How It Beats LangGraph

LangGraph Selectools AgentGraph Why better
Custom StateGraph with Annotated[list, add_messages] Plain GraphState dataclass No custom type system to learn
conditionalEdges with special return constants Plain Python function returning a string Debuggable, testable, IDE-friendly
Pregel channels for state management Dict[str, Any] with merge functions Standard Python data structures
Separate compile() step before execution Validate + run in one step No compilation phase, faster iteration
MemorySaver / SqliteSaver / PostgresSaver CheckpointStore protocol (3 methods) Trivial to implement custom stores
Node functions receive raw state Nodes are full Agent instances Inherit all Agent features: tools, traces, observers, guardrails
Complex interrupt/resume for human-in-the-loop Reuse existing confirm_action on AgentConfig Zero new concepts for HITL
Sub-graphs require CompiledGraph nesting AgentGraph can be a node in another AgentGraph Natural composition via duck typing

Checkpointing

class CheckpointStore(Protocol):
    def save(self, graph_id: str, state: GraphState, step: int) -> str: ...    # Returns checkpoint_id
    def load(self, checkpoint_id: str) -> Tuple[GraphState, int]: ...          # Returns (state, step)
    def list(self, graph_id: str) -> List[str]: ...                            # List checkpoint_ids

Built-in implementations:

  • InMemoryCheckpointStore — dict-based, for development
  • FileCheckpointStore — JSON files, for single-process production
  • SQLiteCheckpointStore — for multi-process production

Enables: resume after crash, HITL pause/resume, time travel debugging.

Parallel Execution

graph.add_parallel_nodes("research_step", ["researcher_a", "researcher_b", "researcher_c"])
graph.add_edge("research_step", "synthesizer")

Uses asyncio.gather() (async) or ThreadPoolExecutor (sync) — same pattern already in agent/core.py for parallel tool execution.
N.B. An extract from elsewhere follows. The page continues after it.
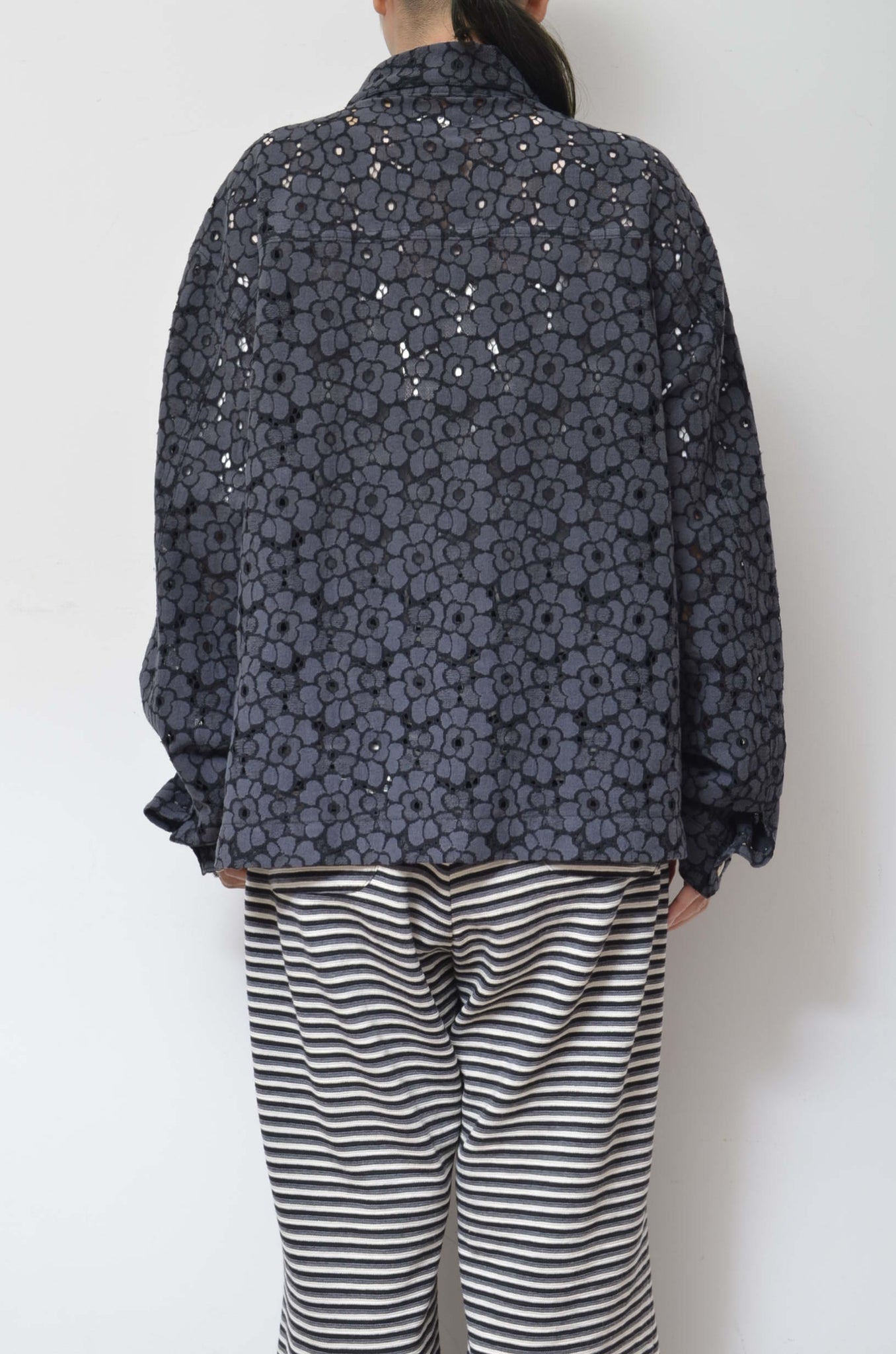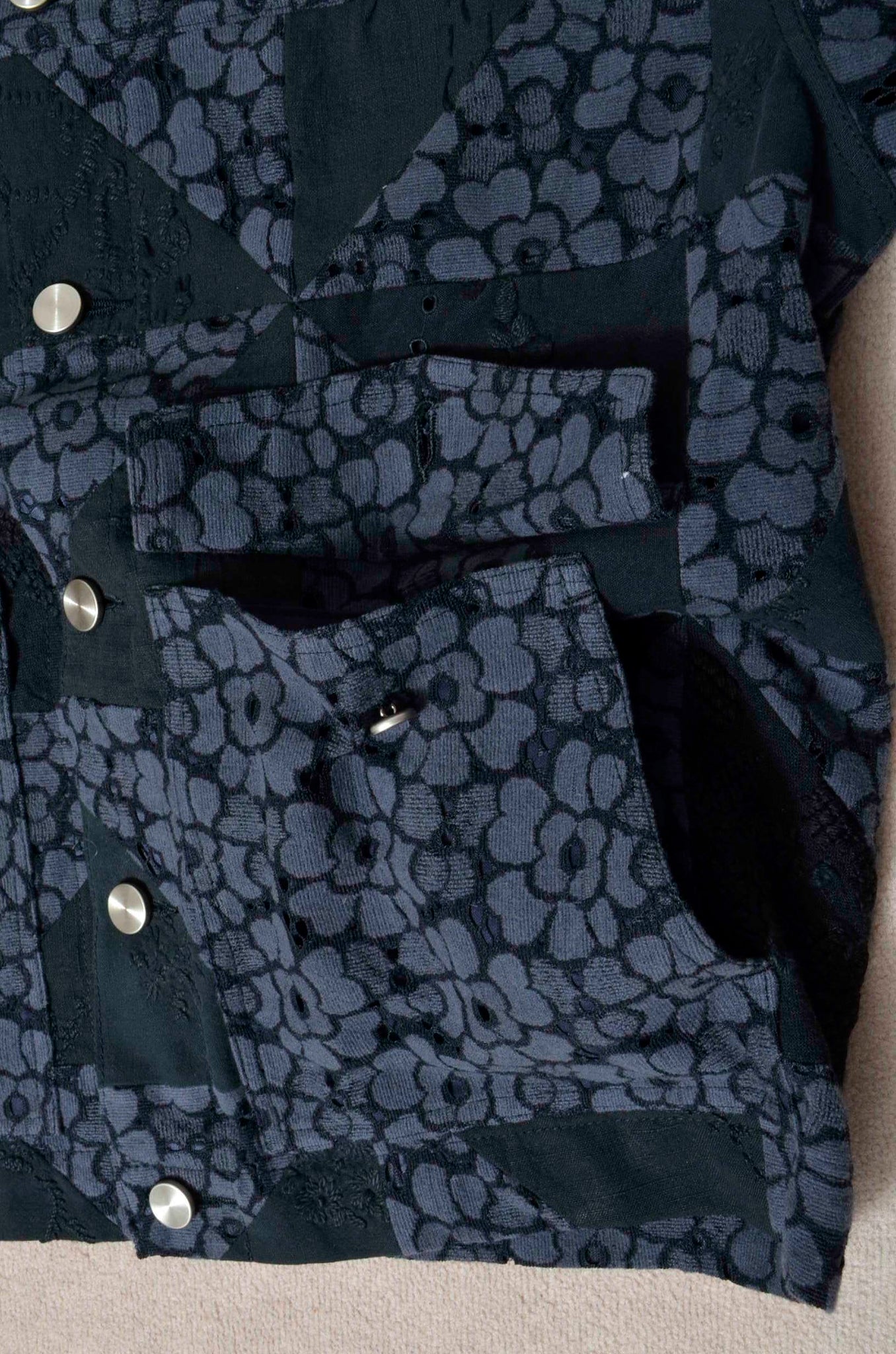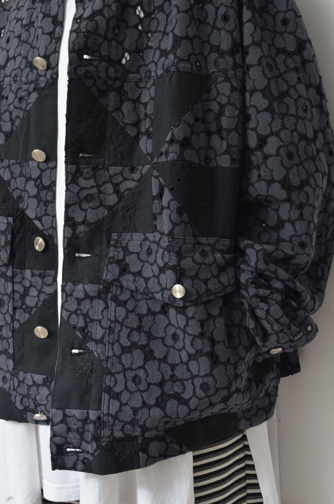 程よく厚みがありシックな風合いで織り上げられたデッドストックの花がらのレース生地で仕立てたワークブルゾン。

Configurable merge_fn(List[GraphState]) -> GraphState (default: concatenate messages, shallow-merge data dicts).

Sub-Graphs and Composition

An AgentGraph satisfies the Agent-like interface, so it can be a node in another graph:

research_subgraph = AgentGraph()
# ... define nodes ...

main_graph = AgentGraph()
main_graph.add_node("research", research_subgraph)   # Sub-graph as a node
main_graph.add_node("writer", writer_agent)
main_graph.add_edge("research", "writer")
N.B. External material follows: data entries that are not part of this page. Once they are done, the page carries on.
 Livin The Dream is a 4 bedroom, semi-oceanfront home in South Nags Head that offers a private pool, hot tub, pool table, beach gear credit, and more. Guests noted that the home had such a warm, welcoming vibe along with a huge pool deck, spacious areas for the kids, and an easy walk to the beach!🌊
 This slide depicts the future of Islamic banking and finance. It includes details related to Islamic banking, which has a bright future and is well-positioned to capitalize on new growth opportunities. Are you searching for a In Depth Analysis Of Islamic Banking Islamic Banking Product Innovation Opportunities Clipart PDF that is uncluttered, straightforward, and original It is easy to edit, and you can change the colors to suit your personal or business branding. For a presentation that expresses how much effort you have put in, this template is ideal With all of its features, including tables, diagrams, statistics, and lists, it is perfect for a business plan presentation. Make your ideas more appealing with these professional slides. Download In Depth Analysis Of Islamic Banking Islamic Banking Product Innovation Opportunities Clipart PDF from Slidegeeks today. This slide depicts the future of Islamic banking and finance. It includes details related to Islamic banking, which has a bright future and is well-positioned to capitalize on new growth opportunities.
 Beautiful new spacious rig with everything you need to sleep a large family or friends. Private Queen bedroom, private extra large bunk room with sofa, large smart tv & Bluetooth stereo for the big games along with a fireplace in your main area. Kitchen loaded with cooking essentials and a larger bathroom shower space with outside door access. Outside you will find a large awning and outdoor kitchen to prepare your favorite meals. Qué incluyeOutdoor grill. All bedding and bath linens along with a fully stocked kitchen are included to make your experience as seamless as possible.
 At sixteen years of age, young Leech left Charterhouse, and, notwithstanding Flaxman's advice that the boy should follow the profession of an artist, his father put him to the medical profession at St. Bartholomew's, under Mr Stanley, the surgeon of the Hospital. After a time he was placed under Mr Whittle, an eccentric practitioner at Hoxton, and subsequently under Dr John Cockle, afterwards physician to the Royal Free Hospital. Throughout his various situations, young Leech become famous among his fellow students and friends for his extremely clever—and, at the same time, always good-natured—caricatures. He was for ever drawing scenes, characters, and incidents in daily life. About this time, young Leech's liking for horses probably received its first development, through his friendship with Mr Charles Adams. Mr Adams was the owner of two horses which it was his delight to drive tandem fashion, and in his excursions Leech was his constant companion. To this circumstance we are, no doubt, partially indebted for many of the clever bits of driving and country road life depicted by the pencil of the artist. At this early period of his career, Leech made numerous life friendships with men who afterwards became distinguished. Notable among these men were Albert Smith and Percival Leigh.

Sub-graph traces are linked via parent_run_id (already supported in trace.py).

SupervisorAgent

Higher-level abstraction for common multi-agent patterns:

from selectools.orchestration import SupervisorAgent

supervisor = SupervisorAgent(
    agents={"researcher": researcher, "writer": writer, "reviewer": reviewer},
    provider=OpenAIProvider(),
    strategy="plan_and_execute",   # or "round_robin", "dynamic"
)
result = supervisor.run("Write a comprehensive blog post about AI safety")

The supervisor uses the provider LLM to decompose tasks and route to specialist agents. Internally builds and executes an AgentGraph.

MCP Integration

MCP Client — discover and call tools from MCP-compliant servers:

from selectools.orchestration.mcp import MCPClient, mcp_tools

client = MCPClient(server_url="http://localhost:8080")
tools = mcp_tools(client)   # Returns List[Tool] that proxy to MCP server

agent = Agent(tools=tools + local_tools, provider=provider)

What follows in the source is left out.